Problem: What needs reproducing is the run of lines in the data below starting at the line with "This feature allows" and ending at the line with "跨境热卖0糖0卡香味杯创意变味水果玩味环运动吸管提手弹跳盖水杯", both ends included. Copy it exactly, without pictures, and add nothing.

Start of Data in this exercise

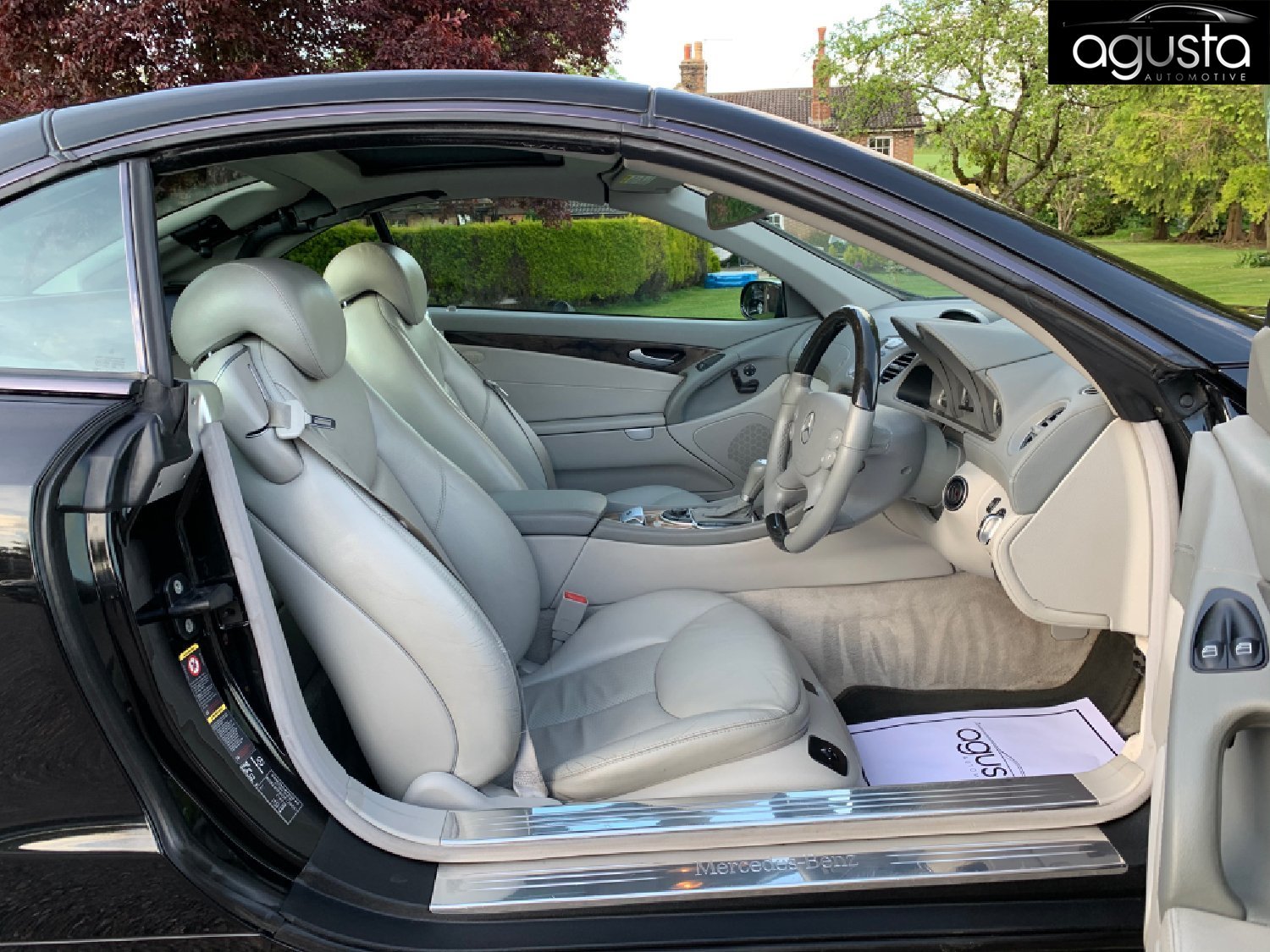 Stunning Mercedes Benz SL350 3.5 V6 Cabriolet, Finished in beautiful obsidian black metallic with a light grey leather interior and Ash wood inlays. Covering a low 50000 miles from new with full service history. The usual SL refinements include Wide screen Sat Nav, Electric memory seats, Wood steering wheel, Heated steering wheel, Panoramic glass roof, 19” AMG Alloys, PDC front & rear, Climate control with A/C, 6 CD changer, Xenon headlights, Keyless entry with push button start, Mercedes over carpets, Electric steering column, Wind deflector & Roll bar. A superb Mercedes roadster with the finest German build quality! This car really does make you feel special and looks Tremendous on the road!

End of Data in this exercise
Start of Data in this exercise

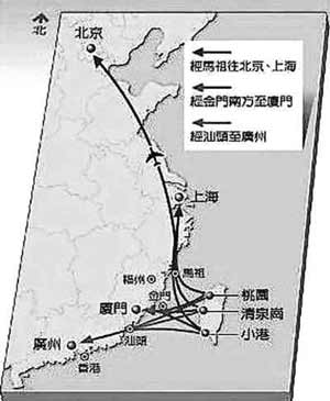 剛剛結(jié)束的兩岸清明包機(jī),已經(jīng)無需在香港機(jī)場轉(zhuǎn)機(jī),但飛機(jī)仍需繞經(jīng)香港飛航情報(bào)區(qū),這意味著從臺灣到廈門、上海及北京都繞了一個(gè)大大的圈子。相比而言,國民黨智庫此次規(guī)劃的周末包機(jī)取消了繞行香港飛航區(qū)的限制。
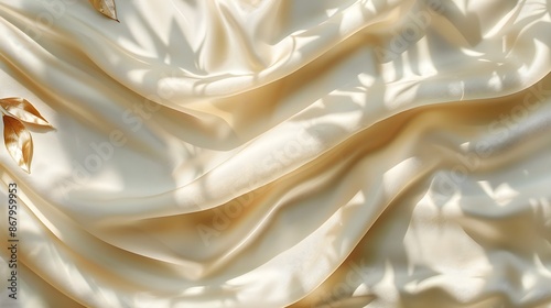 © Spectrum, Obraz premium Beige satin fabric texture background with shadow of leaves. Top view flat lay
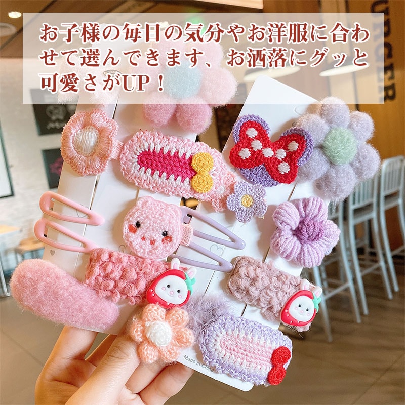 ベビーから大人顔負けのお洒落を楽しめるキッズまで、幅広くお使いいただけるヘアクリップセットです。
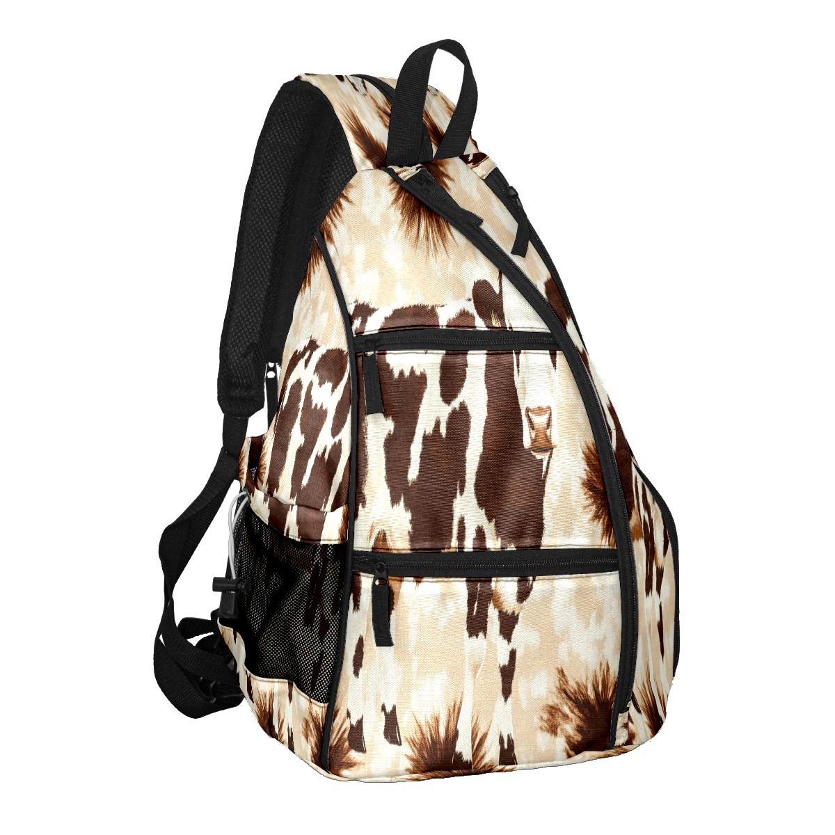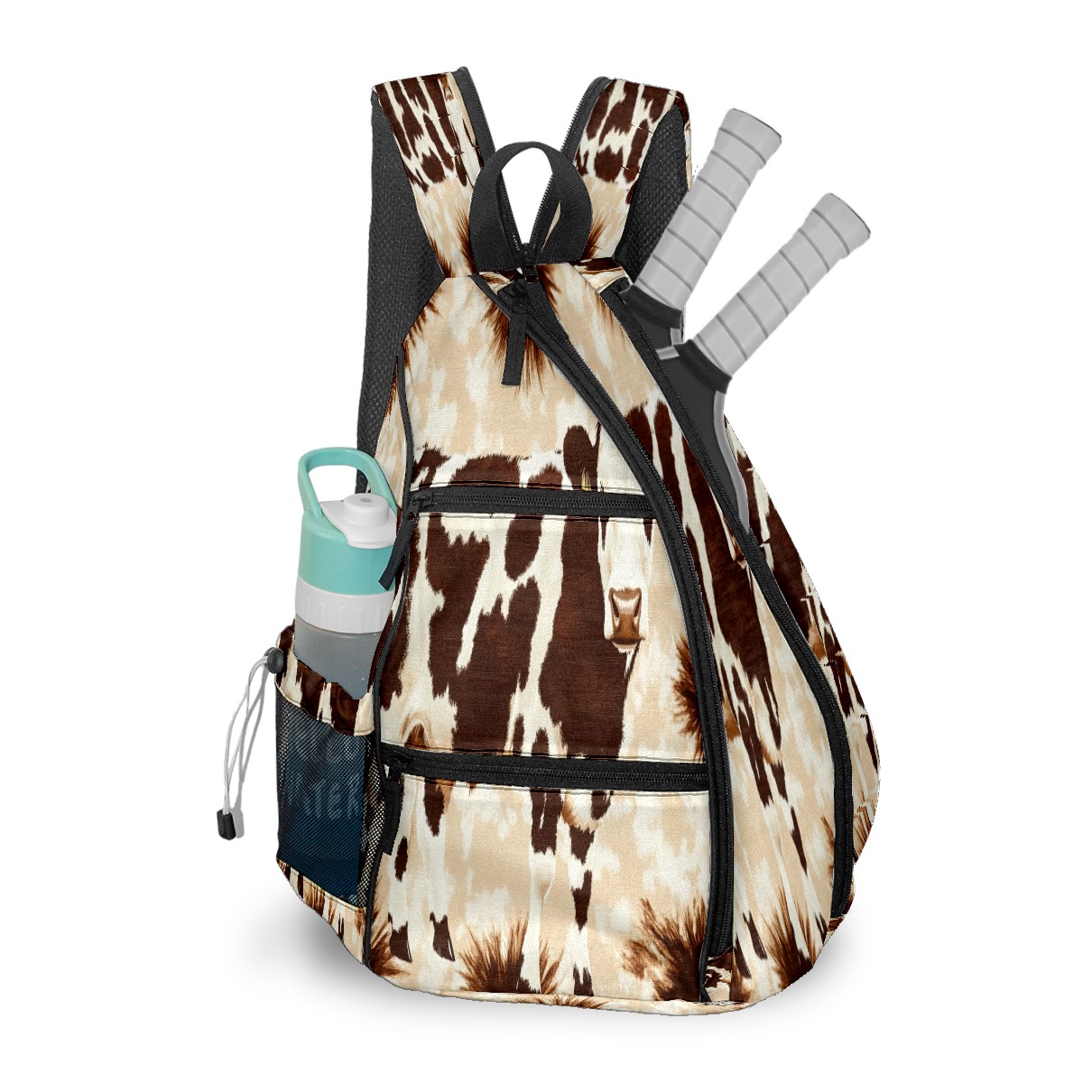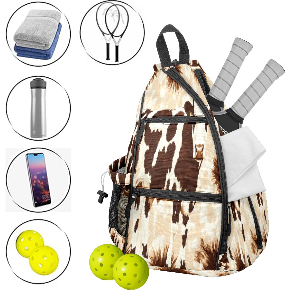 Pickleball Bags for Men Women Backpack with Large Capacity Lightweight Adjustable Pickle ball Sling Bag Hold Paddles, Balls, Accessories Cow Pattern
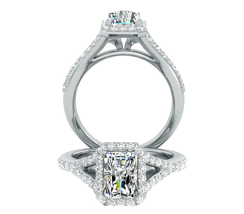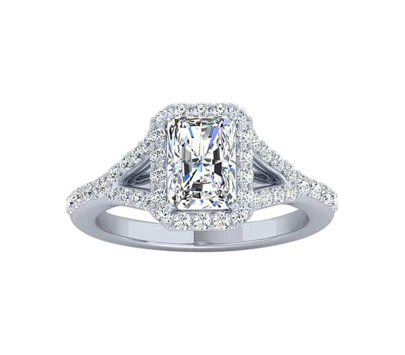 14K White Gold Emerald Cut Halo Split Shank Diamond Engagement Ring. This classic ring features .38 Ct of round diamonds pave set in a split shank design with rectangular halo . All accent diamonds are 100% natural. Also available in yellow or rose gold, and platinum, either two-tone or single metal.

End of Data in this exercise
Start of Data in this exercise

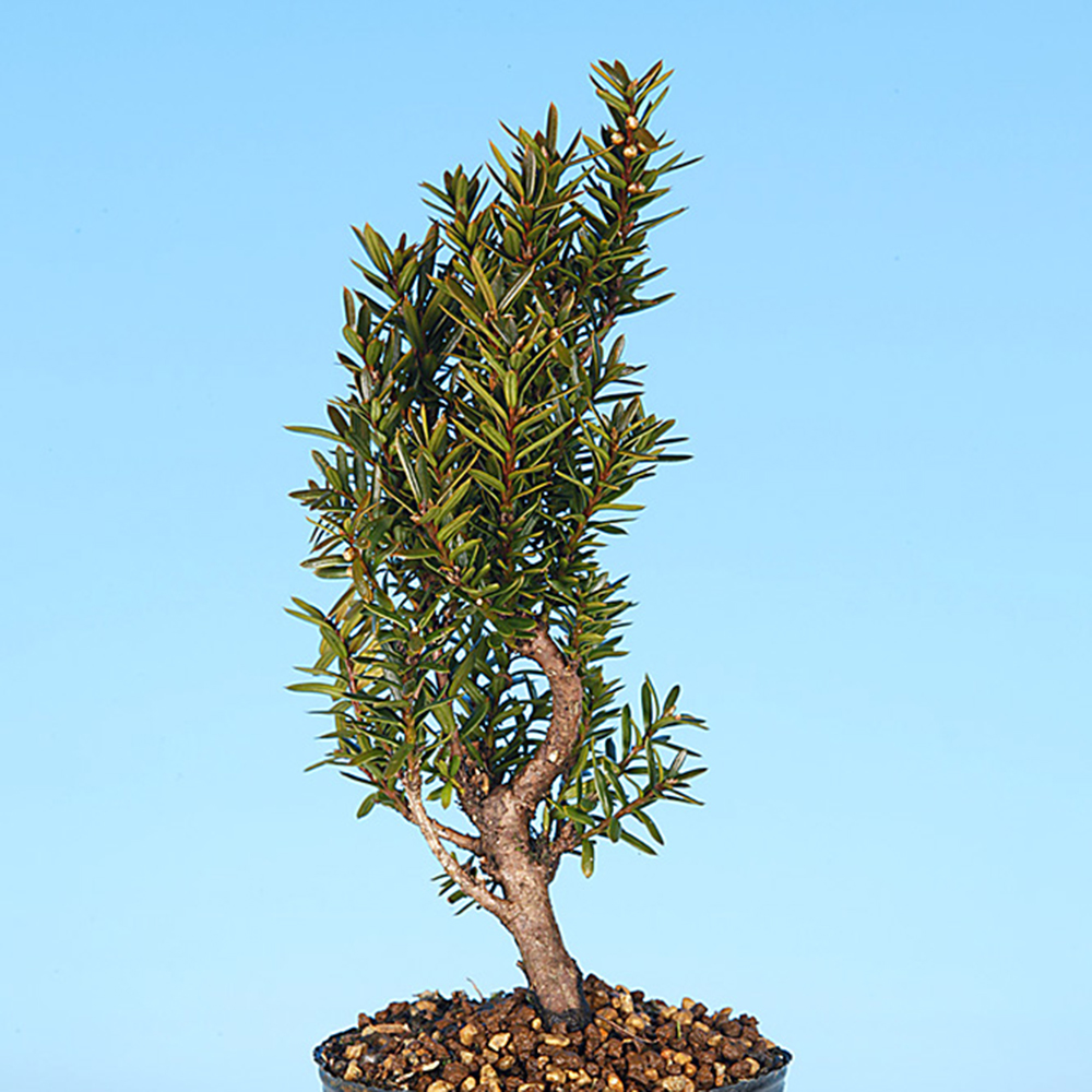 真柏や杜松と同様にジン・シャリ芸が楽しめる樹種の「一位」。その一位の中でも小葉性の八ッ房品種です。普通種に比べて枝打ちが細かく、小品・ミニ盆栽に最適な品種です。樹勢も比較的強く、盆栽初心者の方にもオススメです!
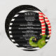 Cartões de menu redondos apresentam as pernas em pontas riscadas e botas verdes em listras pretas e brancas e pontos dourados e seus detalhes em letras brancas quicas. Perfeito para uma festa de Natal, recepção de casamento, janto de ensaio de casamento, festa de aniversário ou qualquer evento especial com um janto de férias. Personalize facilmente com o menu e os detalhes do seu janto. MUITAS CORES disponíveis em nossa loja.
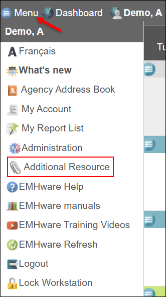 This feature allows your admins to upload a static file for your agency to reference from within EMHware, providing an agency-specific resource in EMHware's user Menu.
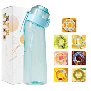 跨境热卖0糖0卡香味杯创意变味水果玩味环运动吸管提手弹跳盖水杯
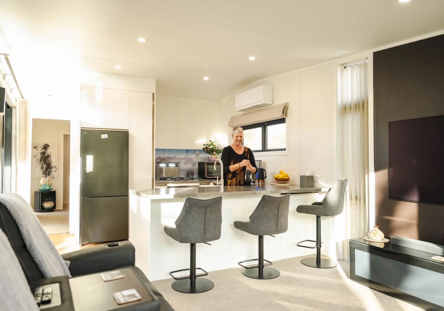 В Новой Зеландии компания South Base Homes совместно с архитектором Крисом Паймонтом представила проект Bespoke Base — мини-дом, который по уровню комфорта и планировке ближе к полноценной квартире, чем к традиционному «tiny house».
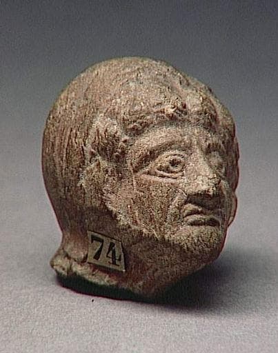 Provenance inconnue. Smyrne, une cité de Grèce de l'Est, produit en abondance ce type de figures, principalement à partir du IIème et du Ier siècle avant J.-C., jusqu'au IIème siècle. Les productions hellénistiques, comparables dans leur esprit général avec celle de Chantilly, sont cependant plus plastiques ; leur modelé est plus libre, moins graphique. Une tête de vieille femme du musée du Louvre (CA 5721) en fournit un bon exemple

End of Data in this exercise

Result for this task:
 This feature allows your admins to upload a static file for your agency to reference from within EMHware, providing an agency-specific resource in EMHware's user Menu.
 跨境热卖0糖0卡香味杯创意变味水果玩味环运动吸管提手弹跳盖水杯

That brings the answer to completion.